List each URL you gathered, with timestamps where relevant. Twitch acts on what you identify, so an entry like "this channel restreams me constantly" won't do the job, each VOD and Clip you want removed needs its own line. If a live channel is rebroadcasting you as you file, include the channel URL and say the infringement is ongoing.

Step 5: Make the legal statements, sign, and submit

Finish with the DMCA declarations, good-faith belief that the use is unauthorized, accuracy under penalty of perjury, and your authority to act, then sign with your full legal name and submit. Save the confirmation; if you later resolve things with the streamer, you can retract by emailing [email protected] from the same address you filed from.

What happens after you file

Twitch removes infringing content and records a copyright strike against the channel; repeat infringers get terminated. The streamer is notified and can respond with a counter-notification through [email protected], if they do, Twitch may restore the content after the statutory waiting period unless you inform them you've filed a court action. Rebroadcasters rarely stop at one channel, so check for the same content resurfacing under new names in the weeks after your takedown. If monitoring restreams and refiling notices is turning into a second job, Rulta is a done-for-you DMCA service that tracks down stolen streams and files the paperwork for you.

This guide is educational information, not legal advice.
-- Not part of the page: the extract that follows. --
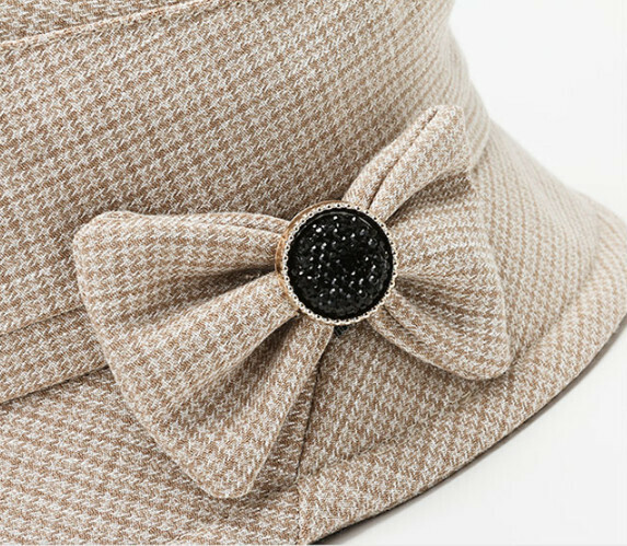 熱賣韓版圓頂格紋貝雷帽女(米色)

Need the notice text?Generate a complete DMCA notice for Twitch — free, one minute

Exhibit A — official takedown formhttps://legal.twitch.com/en/legal/dmca-guidelines/

Frequently asked questions

Does my takedown give the streamer a copyright strike?
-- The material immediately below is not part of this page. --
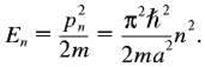 Тут n - номер квантового стану. Визначивши звідси дозволені значення імпульсу, знайдемо і рівні енергії в ямі:

Yes. Valid DMCA notifications result in strikes against the channel, and Twitch terminates the accounts of repeat infringers, so each report counts.
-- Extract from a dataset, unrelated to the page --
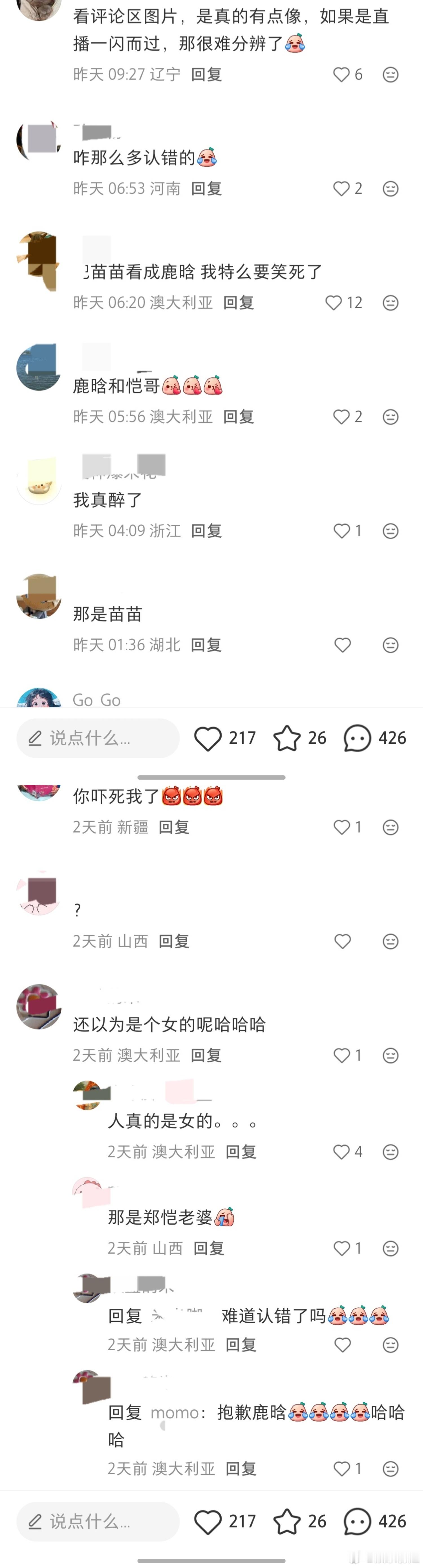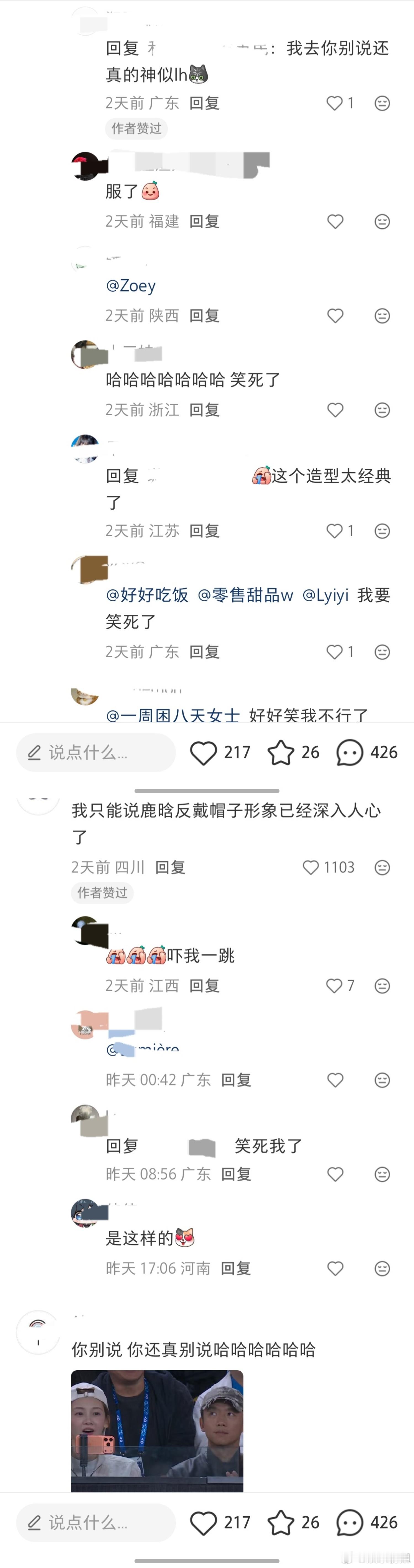郑恺回应鹿晗粉丝 笑死了!郑恺和苗苗澳网直播画面被网友看到,网友把苗苗认成鹿晗,底下一堆人认错。结果郑恺估计看到这帖子了,正好有网友问他旁边是谁,就开玩笑说是鹿晗,结果被鹿晗粉丝冲了。我真笑死了,坏在网速太快了!哈哈哈哈哈哈!但鹿晗和苗苗乍一眼还真像啊!

Can I report a channel that is restreaming my content live right now?

Yes, file immediately with the channel URL and a description of what's being rebroadcast. The live stream may end before action is taken, but the VODs and Clips it leaves behind remain reportable.

Can I withdraw a DMCA notification after filing it?

Yes. Twitch processes retractions emailed to [email protected], but only from the same email address you used to submit the original notification.

Can the streamer fight my takedown?

Yes. Streamers can send a counter-notification (Twitch accepts them at [email protected]), and content may be restored after the statutory waiting period unless you show you've filed a court action.

Does this process cover stolen emotes and overlay art?

Yes. Twitch's DMCA process covers any copyrighted work on the service, streams, VODs, Clips, emotes, channel art, and music alike.